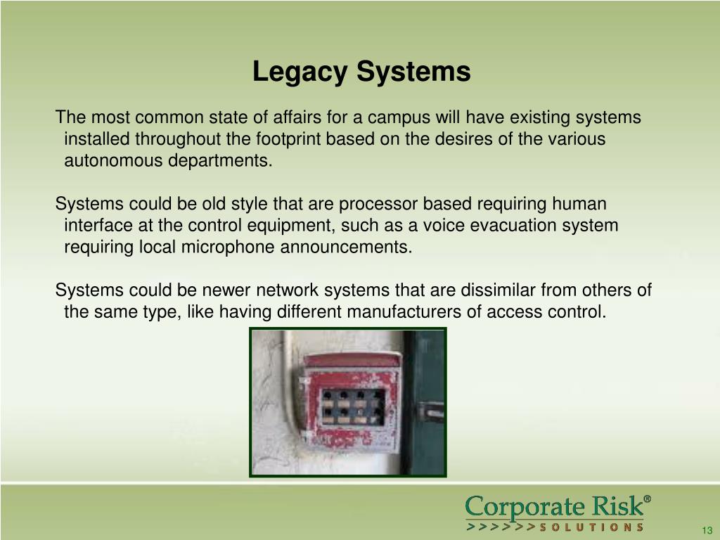 Legacy Systems The most common state of affairs for a campus will have existing systems installed throughout the footprint based on the desires of the various autonomous departments. Systems could be old style that are processor based requiring human interface at the control equipment, such as a voice evacuation system requiring local microphone announcements. Systems could be newer network systems that are dissimilar from others of the same type, like having different manufacturers of access control. 13
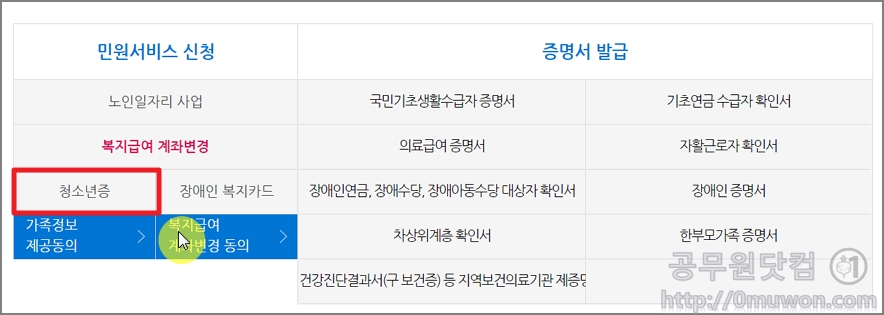 2. 민원서비스 신청에서 '청소년증' 을 클릭합니다.
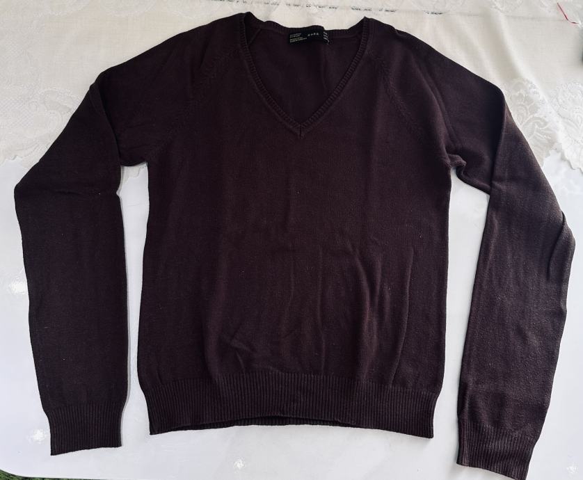 Smeđa vesta s V izrezom, dužine 55 cm, u prsima 86 cm.
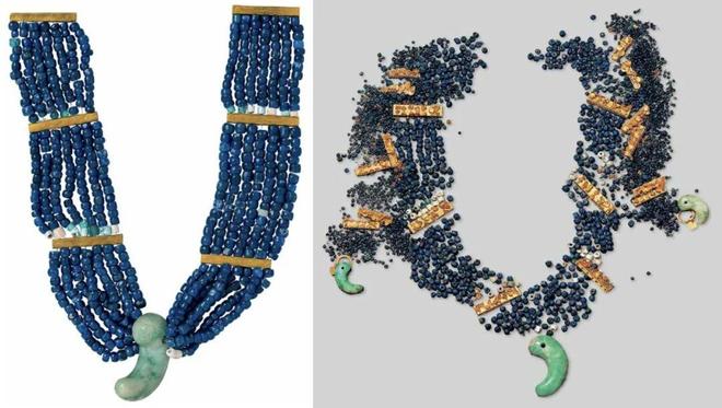 如上图所示,原件其实还有两条垂饰,但新闻图里没看到,但在相关的匠人新闻图片里是有的,不知道是没拍到还是最后没送(如果没送就太抠门了点)。

** Work required **
Repeat the material above word for word but skip the images.

** Task result **
 Legacy Systems The most common state of affairs for a campus will have existing systems installed throughout the footprint based on the desires of the various autonomous departments. Systems could be old style that are processor based requiring human interface at the control equipment, such as a voice evacuation system requiring local microphone announcements. Systems could be newer network systems that are dissimilar from others of the same type, like having different manufacturers of access control. 13
 2. 민원서비스 신청에서 '청소년증' 을 클릭합니다.
 Smeđa vesta s V izrezom, dužine 55 cm, u prsima 86 cm.
 如上图所示,原件其实还有两条垂饰,但新闻图里没看到,但在相关的匠人新闻图片里是有的,不知道是没拍到还是最后没送(如果没送就太抠门了点)。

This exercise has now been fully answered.